[HUITIÈME VOYAGE À SAINT-MAUR, EXTRAIT]
Une casquette est un toit et bien plus. Je ne peux m’en séparer. Je l’utilise comme paratonnerre dans les rues où il faut courir. À sa vue, les chiens s’étranglent dans leurs aboiements. Je l’agite comme un chiffon pour exciter le molosse de la rue Jean-Bart. Je fais de grands gestes, par le portail ajouré, et plus il saute en l’air, plus violemment il est ramené à terre par ses chaînes. Après un quart d’heure de rage et de chutes, je m’en vais sourire aux lèvres. Je n’ose rire franc. Peur que ses liens ne cèdent.
Un peu plus loin, les oiseaux me remercient. Leurs chants accompagnent chacun de mes pas. Au loin, la colère du chien devient houle, simple écume venant mourir sur la proue de ma casquette baissée, frayant vers d’autres aventures.
Pourquoi ai-je retiré ma casquette sur la photo du muret ? Derrière moi, on distingue l’îlot-d’Amour, en amont de l’île-du-Moulin-Bateau. L’eau y est plus claire, dit-on. Je n’ai jamais vu une seule barque y accoster, encore moins quelqu’un s’y promener.
Ça doit se faire la nuit ? En tout cas, personne n’y réside. L’îlot-d’Amour est livré aux seuls oiseaux, écureuils et peuplades d’insectes qui s’y réfugient pour passer leur vie. Les arbres sont des ormes ou des frênes de haute taille ; quelques saules pleureurs.
Combien de temps pourrais-je survivre sur cette île minuscule ? Les crues la font disparaître. Il existerait, un peu plus à l’est, du côté de La Varenne, une île-d’Amour, lieu d’une ancienne guinguette où l’on dansait. Il paraît que Charles Trenet aurait habité une villa en face de cette île. J’en doute.
Je préfère, de très loin, cet îlot isolé où personne ne viendra se promener. Oublié de toutes les cartes, l’îlot-d’Amour reste tourné à jamais vers la barque engloutie, la tenant dans son regard pour que les crues ne l’emportent pas.
J’ai remis ma casquette. L’air a repris sa circulation autour de ma tête. Ce matin, un cygne a glissé devant l’îlot. Rien, aucun badaud ni car de touristes n’a troublé sa venue. Il est resté, entre les rives, un long moment, puis il a disparu.
**
On ne voit jamais, sur les photos, les personnes qui les prennent. Une ombre, parfois. Guère plus. Ils ne s’imprègnent pas dessus. Sont derrière.
En attendant, je fixe l’objectif, juste avant que son doigt n’appuie. Déclic.
Temps effacé. Plus rien devant moi, qu’un trou vide. Que regarde une photo ?
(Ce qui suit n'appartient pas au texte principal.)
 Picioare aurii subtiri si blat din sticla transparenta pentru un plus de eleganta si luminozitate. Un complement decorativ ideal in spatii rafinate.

Tu n’oses y penser. Le froid s’insinue. Devrais bouger.
Un garçonnet en culotte courte, chemise en pilou, pull tricoté main et sandales aux pieds, continue à s’accrocher au paysage. Quelques pliures çà et là fragilisent l’état général. Elles sont devenues des pièces de musée, d’un musée sans visiteurs.
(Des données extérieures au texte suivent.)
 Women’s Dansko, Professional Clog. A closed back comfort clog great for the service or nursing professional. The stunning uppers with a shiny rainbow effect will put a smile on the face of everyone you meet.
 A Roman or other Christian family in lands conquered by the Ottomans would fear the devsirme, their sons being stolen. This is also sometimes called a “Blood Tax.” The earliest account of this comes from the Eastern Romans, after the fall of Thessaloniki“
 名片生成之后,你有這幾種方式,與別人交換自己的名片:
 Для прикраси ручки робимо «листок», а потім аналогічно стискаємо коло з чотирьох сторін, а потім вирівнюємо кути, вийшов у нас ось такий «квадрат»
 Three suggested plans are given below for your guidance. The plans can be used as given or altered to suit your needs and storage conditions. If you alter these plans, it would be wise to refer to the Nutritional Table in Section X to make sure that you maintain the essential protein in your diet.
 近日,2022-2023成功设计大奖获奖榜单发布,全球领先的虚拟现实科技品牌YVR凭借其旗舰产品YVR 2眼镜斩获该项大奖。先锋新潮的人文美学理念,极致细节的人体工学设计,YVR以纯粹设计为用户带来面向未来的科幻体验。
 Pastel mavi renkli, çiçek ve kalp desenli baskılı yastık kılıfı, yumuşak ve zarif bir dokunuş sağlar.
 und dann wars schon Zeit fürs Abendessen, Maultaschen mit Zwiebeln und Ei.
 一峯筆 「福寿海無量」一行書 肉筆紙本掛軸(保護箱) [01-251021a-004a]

On les compte par milliers aux puces de Saint-Ouen ou de Montreuil, jetées en vrac dans des paniers en osier, des boîtes à chaussures. Des milliers remuées par des mains inattentives, sans trouver acheteur. Qui voudrait encore s’y investir.
C’est un enfant rêveur. Dans son regard se lit un mélange de tristesse et d’ironie. Ses sandales ne touchent pas terre. Perché sur un muret, à peu près à 1m10 du sol, il attend. Dans son dos, les arbres et la Marne se retiennent. Pas un souffle. La photo sera nette.
Sur les photos de la passerelle, son inquiétude est palpable. Il fixe l’objectif, n’est pas certain du résultat. Ma sœur dans ses bras a du rose aux joues, un teint de bébé.
Elle n’a tenu que six mois. Pourtant, les bras n’ont jamais cédé. J’en suis certain. Elle est partie. Mais par où ? La photo est restée intacte dans son cadre. Ses vêtements tricotés au crochet sont légers. Confortables. Rien ne l’incommode. Ma mère près de son visage nuit et jour.
[…]
Jean-Louis Giovannoni, Voyages à Saint-Maur, récit, Éditions Champ Vallon, Collection recueil, 2014, pp. 71-72-73.